Methods. We compiled a corpus of depersonalised radiology reports. The corpus was converted to XML, annotated and validated against the TEI P5 encoding scheme. We established a specific set of rules and, by using UNIX commands based scripts, applied them to retrieve abbreviations from the corpus. Because of inherent ambiguity, all one-letter abbreviations were analysed as trigrams consisting of the abbreviation and the neighbouring tokens. The frequencies and meaning of the abbreviations were

reviewed separately by two doctors.

Results. We compiled a corpus consisting of 207,534 depersonalised radiology reports with more than 11.8 million tokens. We retrieved 10,606 abbreviations (446,158 tokens, 3.8% of the corpus). Abbreviating appeared to be rather arbitrary and inconsistent. Mistyping was not an issue compared to ambiguity and/or inconsistent use of punctuation, space, and numbering; unconventional merging or breaking sentence structures and word boundaries, in particular, when adding case endings. The use of abbreviations of Estonian, Latin and English origin was often overlapping. This synonymy revealed an emerging shift from Latin- to English-based abbreviations.

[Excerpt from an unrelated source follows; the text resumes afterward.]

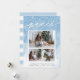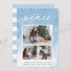 Compartilhe cartões de natal com esses Cartões de foto de Natal chic com três de suas fotos favoritas (1 paisagem, 2 quadrados) organizadas em um layout de colagem retangular em um fundo azul-claro de lavagem com aquarela acentuado com queda de neve. "Paz" aparece no topo na elegante tipografia escrita escrita com letra de mão. Personalize com seu cartões de natal personalizado, nome(s) e ano na parte inferior. Cartões invertidos a um padrão de faixa em azul pastel e branco.
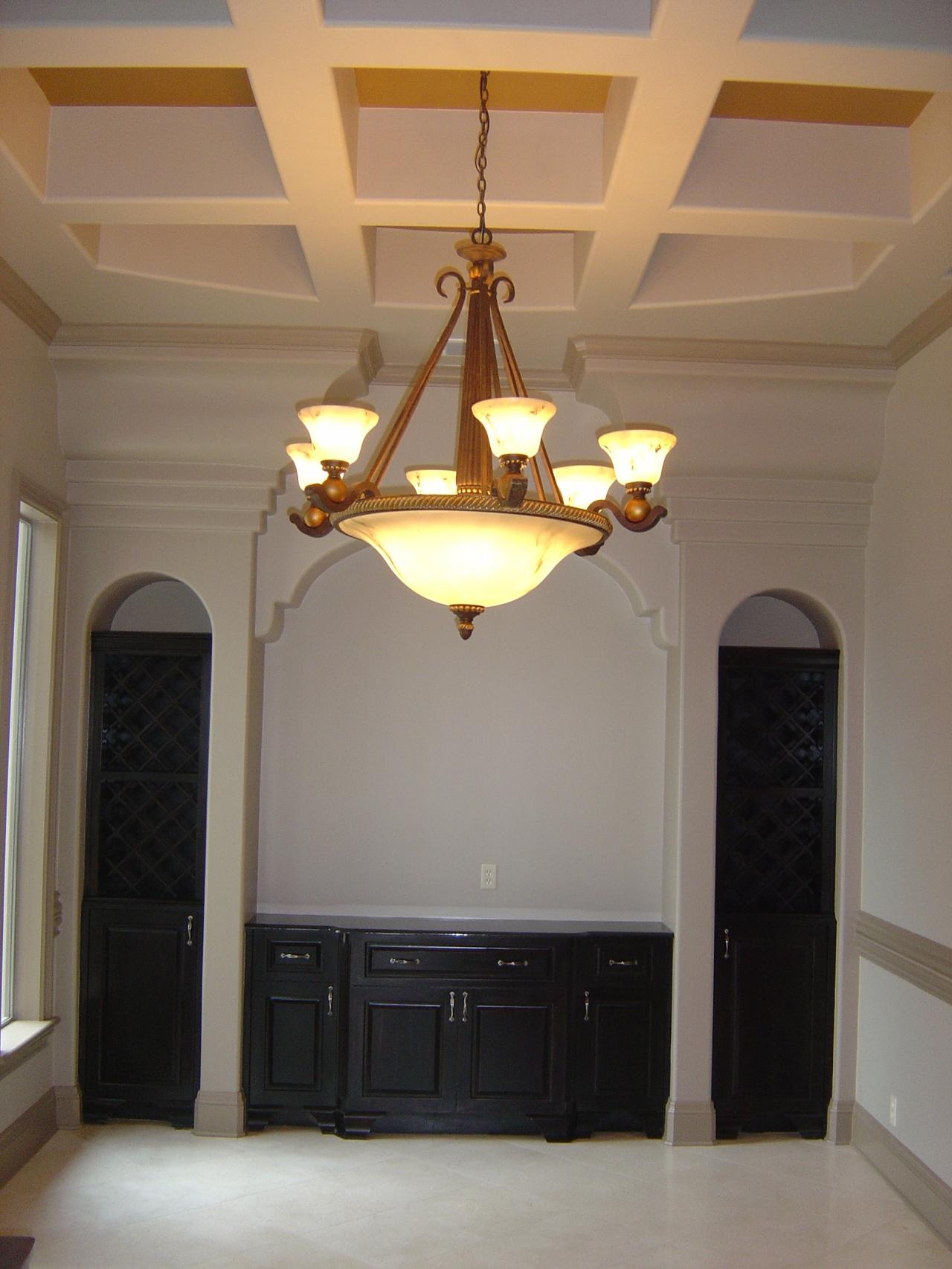 - Formal Dining Area with accented waffle ceiling, built-in wine cabinets & buffet with granite top and large alabaster chandelier.

Conclusions. The study of abbreviations in Estonian radiology reports showed an urgent need for standardisation of the medical language and confirmed an enormous potential of the linguistic approach for analysing the free text of health data. It is a feasible and resource-effective tool for analysing huge data sets and provides much needed insight into the existing problems of the medical language. Medical linguistics is an interdisciplinary field, meaning that inputs by linguists and medical professionals are equally important.